Separately, Sui has launched a public beta for Secret Transfers, a feature that hides transaction volumes and allows authorized parties to access data when needed for audit or compliance purposes.

coinbase

The launches reflect a broader shift in crypto privacy toward models favored by institutions that move away from complete anonymity and include auditing and disclosure mechanisms.

sui

Sui initiates secret transfers. Source: Su

Compliance change in privacy systems

In recent weeks, privacy-focused projects have been forced to address questions around both control and reliability.

Blockchain privacy project Zama said on June 2 that it will accelerate its compliance roadmap. The announcement came after a court ordered the freezing of approximately $12.5 million USD that was hidden in the USDC wrapper and later resolved the underlying legal issue.
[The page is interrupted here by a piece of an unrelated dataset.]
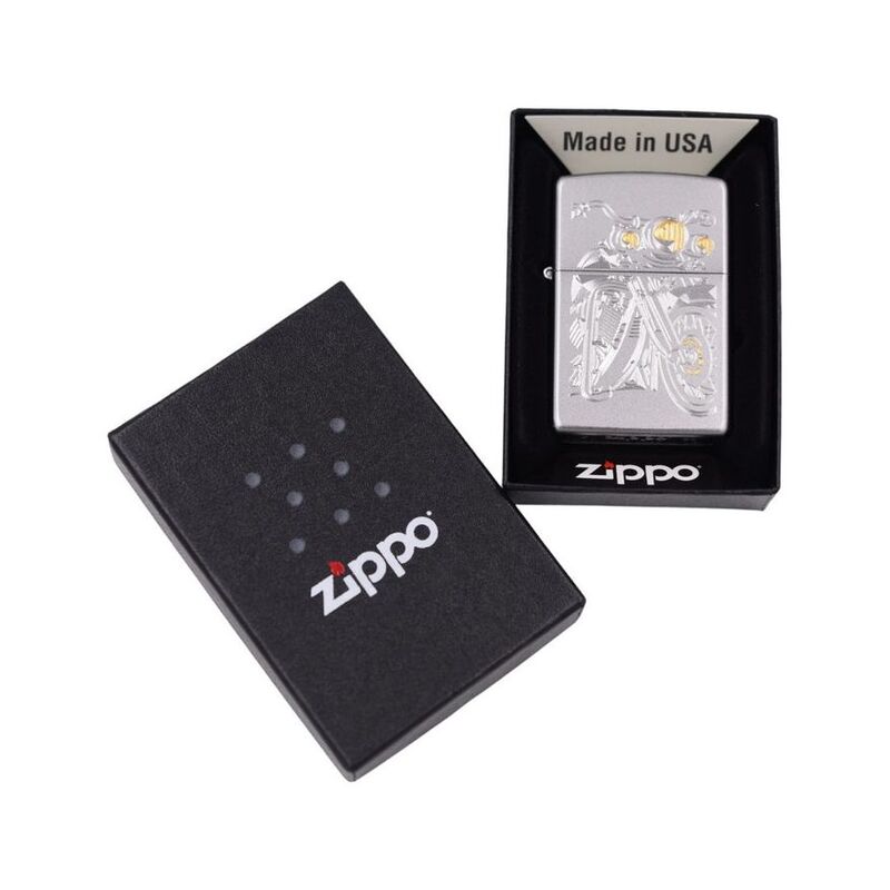 Zippo 205 AE184542 Satin Chrome Motorcycle Windproof Lighter

The project then highlighted its disclosure mechanisms and regulatory coordination approach to encrypted transactions.

Related: Canton, ZKsync approaches how to enforce rules on blockchains

The broader push comes amid renewed scrutiny of one of the crypto industry’s most popular privacy projects after concerns that Zcash fake tokens could have been created undetected.

Zcash developers said the vulnerability was due to an emergency network update completed in early June, although there is no confirmed evidence of an exploit, although the nature of restricted pools makes it difficult to fully reconstruct transaction history after vulnerabilities are disclosed.